Northern States Power Company Salvage Archaeology
An intensive excavation program at mound and village sites located on NSP property on Prairie Island, Goodhue County, began in June, 1968, and will continue on a large Mississippian village site. This salvage program is financed in part by Northern States Power Company through a grant to the Minnesota HIstorical Society, with the field research conducted by the University. The area of concern is that included in the construction zone of the NSP Prairie Island Atomic generating plant, now in its initial construction phase.
Historic Sites Archaeology
The Minnesota Historical Society has been conducting a research program in early historic archaeology in Minnesota under the Minnesota Natural Resources Commission, a program comparable in scope and intent to that in prehistory conducted by the University.
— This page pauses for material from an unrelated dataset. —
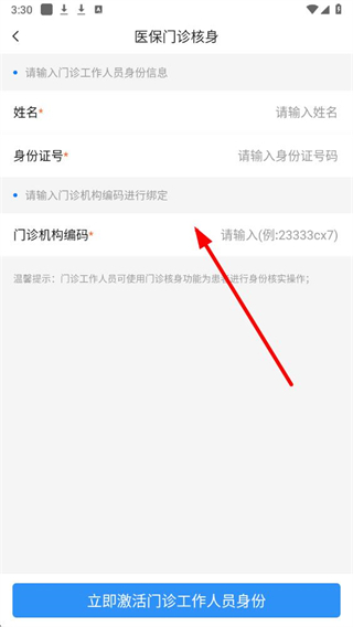 4、在页面填写门诊工作人员的姓名、身份证号及门诊机构编码,点击立即激活门诊工作人员身份完成激活。

While the State Archaeologist is not directly involved in the operation of the Society's program of research, it is useful to summarize some of the activities of the Society in this report. The continuing excavation and restoration project at Fort Snelling is moving rapidly and the work under the direction of Loren Johnson is impressive. The previous survey of historic archaeological sites undertaken by Timothy Fiske has laid the groundwork for an excavation program that began in 1967-68 with field parties under the direction of David Nystuen and with the work coordinated by Alan Woolworth, who supervises the historic sites program. This excavation program will provide a wealth of data on the French, British, and early American periods in Minnesota--data which are poorly known as yet and which are extremely important in amplifying the written historic record. Future public interpretation of the results of this work will also be of considerable public interest.
Beginning reconstruction of the Conner fur post near Pine City has begun under the direction of Leland R. Cooper who supervised the earlier excavations of the site. The proximity of the Stumne Mounds, now administered by the Society, promises a future prehistoric-historic site interpretation area unique in Minnesota.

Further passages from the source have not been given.